If the first term of an A.P. is 3 and the sum of its first 25 terms is equal to the sum of its next 15 terms, then the common difference of this A.P. is:

We have an arithmetic progression (A.P.) whose first term is given as $$a = 3$$ and whose common difference is $$d$$ (unknown for the moment).

The question tells us that the sum of the first 25 terms is exactly equal to the sum of the next 15 terms. The phrase “next 15 terms’’ means the terms numbered 26th to 40th.

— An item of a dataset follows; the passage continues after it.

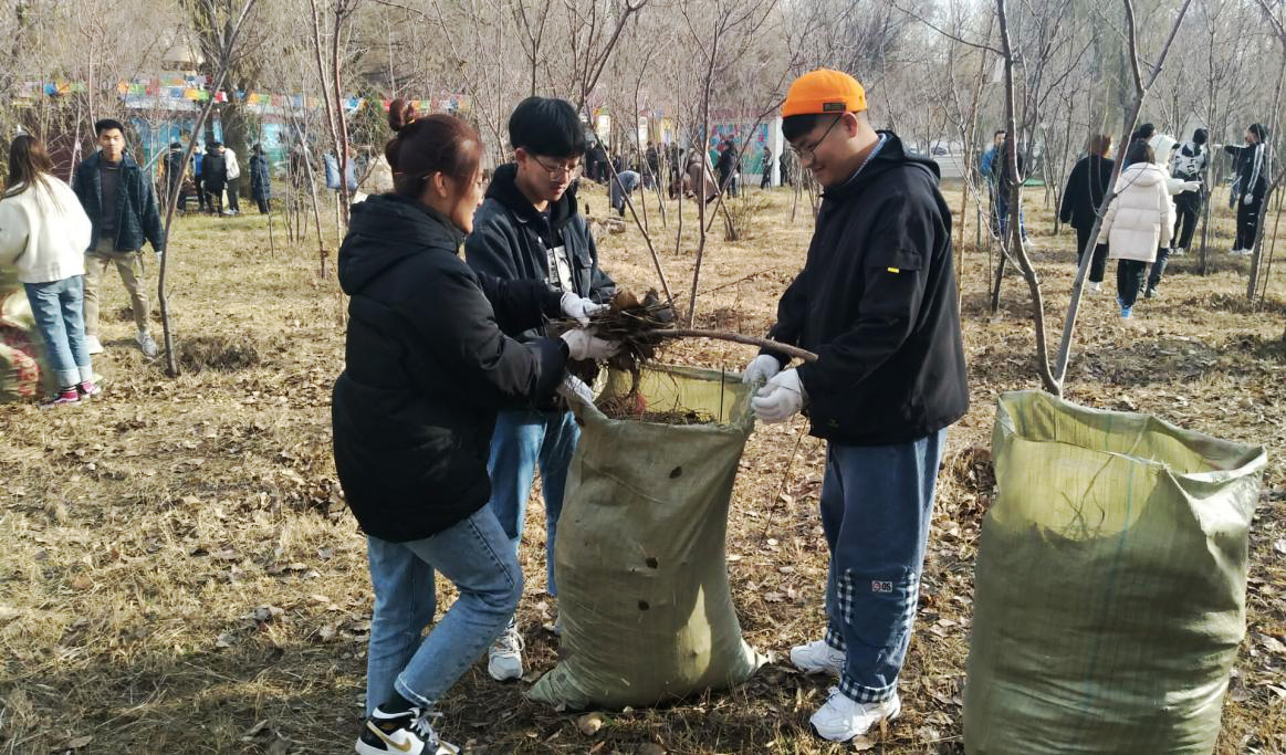 本次活动主要是打扫并收集落叶,将落叶赠与冬天由于积雪而放牧受阻饲料缺乏的困难牧户,同时能有效回收利用大自然资源。秋风飒爽,阵阵凉意,各党支部同学们通力合作,以小组为单位积极配合,分工明确,尽管叶子潮湿,杂草羁绊,收集过程中很费力气,但是,同学们并没有因此退缩,反而在欢声笑语中将叶子装入一个又一个袋子。

In symbols, if $$S_n$$ denotes the sum of the first $$n$$ terms, then

$$\text{Sum of next 15 terms} = S_{40} - S_{25}.$$

The condition can therefore be written as

$$S_{25} = S_{40} - S_{25}.$$

Simplifying, we get

$$2\,S_{25} = S_{40}. \quad -(1)$$

Now we recall the well-known formula for the sum of the first $$n$$ terms of an A.P.:

$$S_n = \frac{n}{2}\,\Bigl[\,2a + (n-1)d\,\Bigr].$$

Using this formula, let us first write $$S_{25}$$ explicitly:

$$S_{25} = \frac{25}{2}\,\Bigl[\,2a + (25-1)d\,\Bigr].$$

Substituting $$a = 3$$, we get

$$S_{25} = \frac{25}{2}\,\Bigl[\,2(3) + 24d\,\Bigr] = \frac{25}{2}\,\Bigl[\,6 + 24d\,\Bigr].$$

Next, we write $$S_{40}$$ in the same manner:

$$S_{40} = \frac{40}{2}\,\Bigl[\,2a + (40-1)d\,\Bigr].$$

Again substituting $$a = 3$$, we obtain

$$S_{40} = 20\,\Bigl[\,2(3) + 39d\,\Bigr] = 20\,\Bigl[\,6 + 39d\,\Bigr].$$

We now substitute these expressions into equation (1):

$$2\,S_{25} = S_{40}$$

$$\Longrightarrow 2\left(\frac{25}{2}\,\left[\,6 + 24d\,\right]\right) = 20\,\left[\,6 + 39d\,\right].$$

The factor $$2$$ in front of $$S_{25}$$ cancels with the denominator $$2$$, leaving

$$25\,\bigl[\,6 + 24d\,\bigr] \;=\; 20\,\bigl[\,6 + 39d\,\bigr].$$

Let us expand both sides carefully, term by term:

Left side:
$$25 \times 6 + 25 \times 24d = 150 + 600d.$$

Right side:
$$20 \times 6 + 20 \times 39d = 120 + 780d.$$

So our equation becomes

$$150 + 600d = 120 + 780d.$$

We now bring all terms involving $$d$$ to one side and all constant terms to the other side. Subtract $$600d$$ from both sides and subtract $$120$$ from both sides:

$$150 - 120 = 780d - 600d.$$

This simplifies to

$$30 = 180d.$$

Finally, we solve for $$d$$ by dividing both sides by $$180$$:

$$d = \frac{30}{180} = \frac{1}{6}.$$

Hence, the common difference of the A.P. is $$\dfrac{1}{6}$$.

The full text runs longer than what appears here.